# Requirement
Ignoring the pictures, repeat every entry below exactly as it appears.

[[ Material for this exercise open ]]

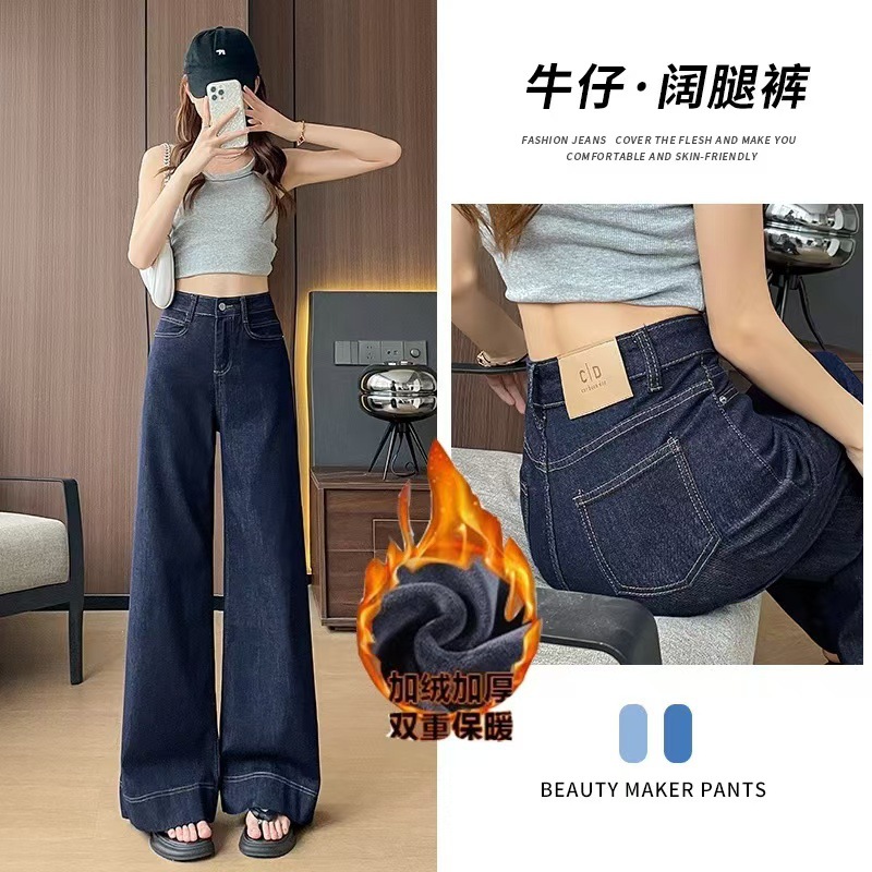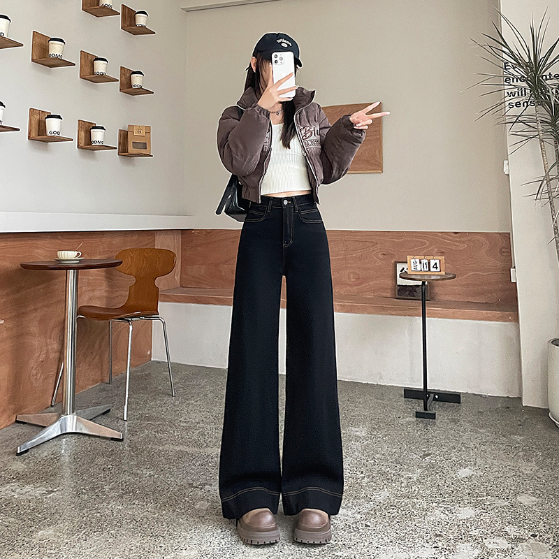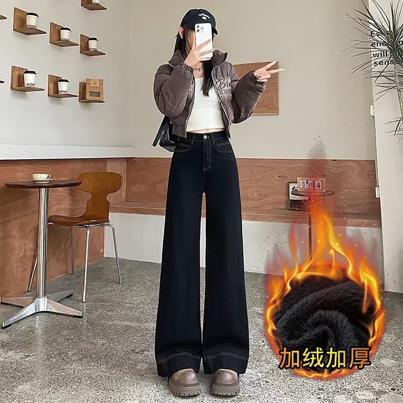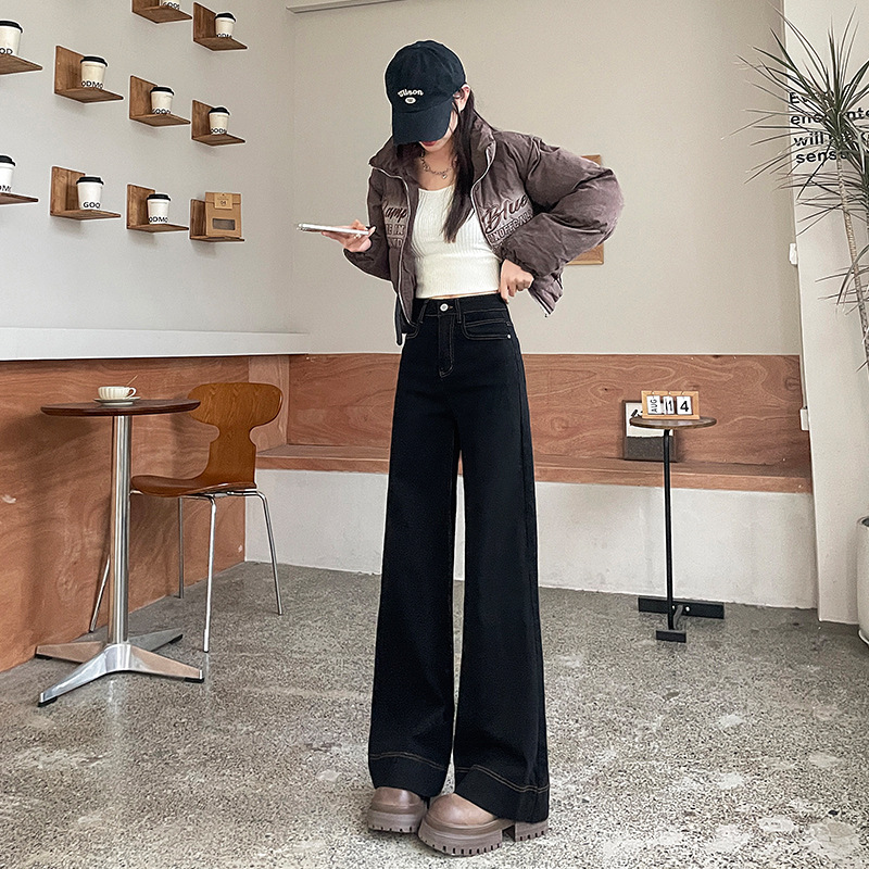Главная страница > Черные широкие джинсы для женщин, популярный стиль осени и зимы 2025 года, новые утепленные брюки с высокой талией, облегающие, в пол, для миниатюрных фигур.
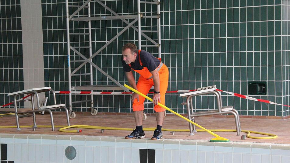 Sein Chef erklärt: "Weniger Chlor, heißt weniger aggressives Wasser, was besonders fürs Babyschwimmen oder andere Kurse sehr vorteilhaft ist." Oben schießt aus einem Schlauch derweil Wasser in das große Becken. "Es dauert zwei Tage bis die rund 400 Kubikmeter im Becken sind und dann nochmal drei Tage bis die Temperatur von 28 Grad erreicht ist", erklärt Latyschev. Er greift sich einen Schrubber und sucht seinen Kollegen Markus Ehrlicher. Gemeinsam gehen sie in den Außenbereich und bringen noch das große weiße Plantschbecken auf Hochglanz. Denn bis zur Wiedereröffnung am Montag muss alles tiptop sein.
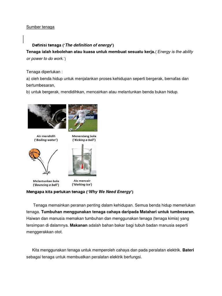 Daya Tenaga Sains Tahun 5 Tenaga Dan Sumber Tenaga
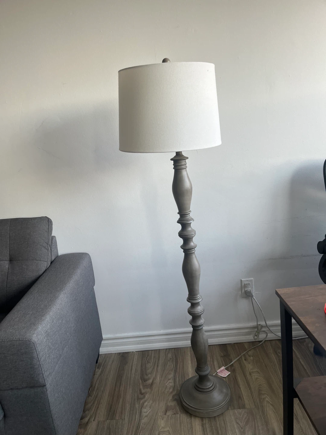 Grey Floor Lamp with White Shade and white bulbincluded
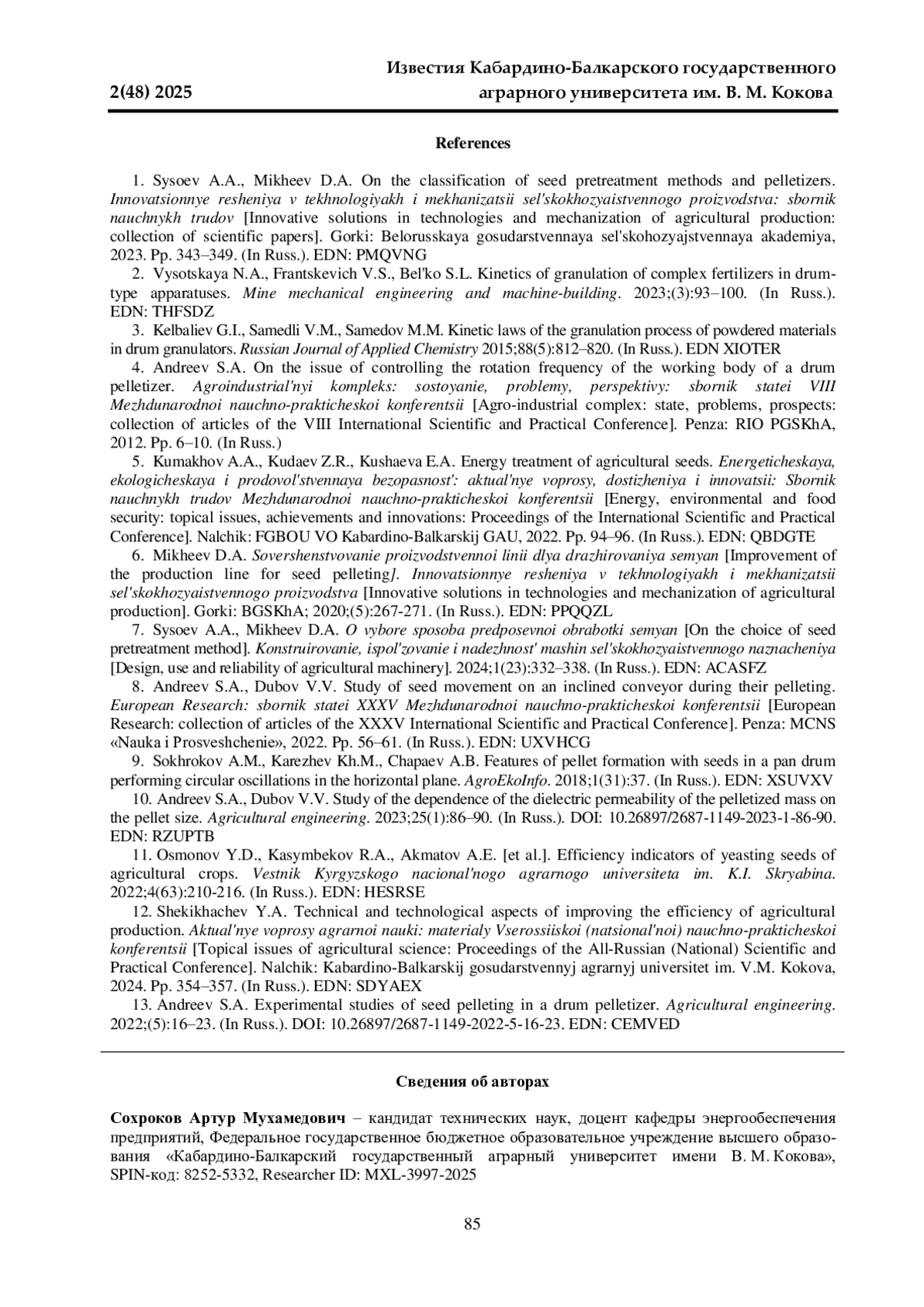 Журнал: ИЗВЕСТИЯ КАБАРДИНО-БАЛКАРСКОГО ГОСУДАРСТВЕННОГО АГРАРНОГО УНИВЕРСИТЕТА ИМ. В. М. КОКОВА

[[ Material for this exercise closed ]]

# Solution for this task
Главная страница > Черные широкие джинсы для женщин, популярный стиль осени и зимы 2025 года, новые утепленные брюки с высокой талией, облегающие, в пол, для миниатюрных фигур.
 Sein Chef erklärt: "Weniger Chlor, heißt weniger aggressives Wasser, was besonders fürs Babyschwimmen oder andere Kurse sehr vorteilhaft ist." Oben schießt aus einem Schlauch derweil Wasser in das große Becken. "Es dauert zwei Tage bis die rund 400 Kubikmeter im Becken sind und dann nochmal drei Tage bis die Temperatur von 28 Grad erreicht ist", erklärt Latyschev. Er greift sich einen Schrubber und sucht seinen Kollegen Markus Ehrlicher. Gemeinsam gehen sie in den Außenbereich und bringen noch das große weiße Plantschbecken auf Hochglanz. Denn bis zur Wiedereröffnung am Montag muss alles tiptop sein.
 Daya Tenaga Sains Tahun 5 Tenaga Dan Sumber Tenaga
 Grey Floor Lamp with White Shade and white bulbincluded
 Журнал: ИЗВЕСТИЯ КАБАРДИНО-БАЛКАРСКОГО ГОСУДАРСТВЕННОГО АГРАРНОГО УНИВЕРСИТЕТА ИМ. В. М. КОКОВА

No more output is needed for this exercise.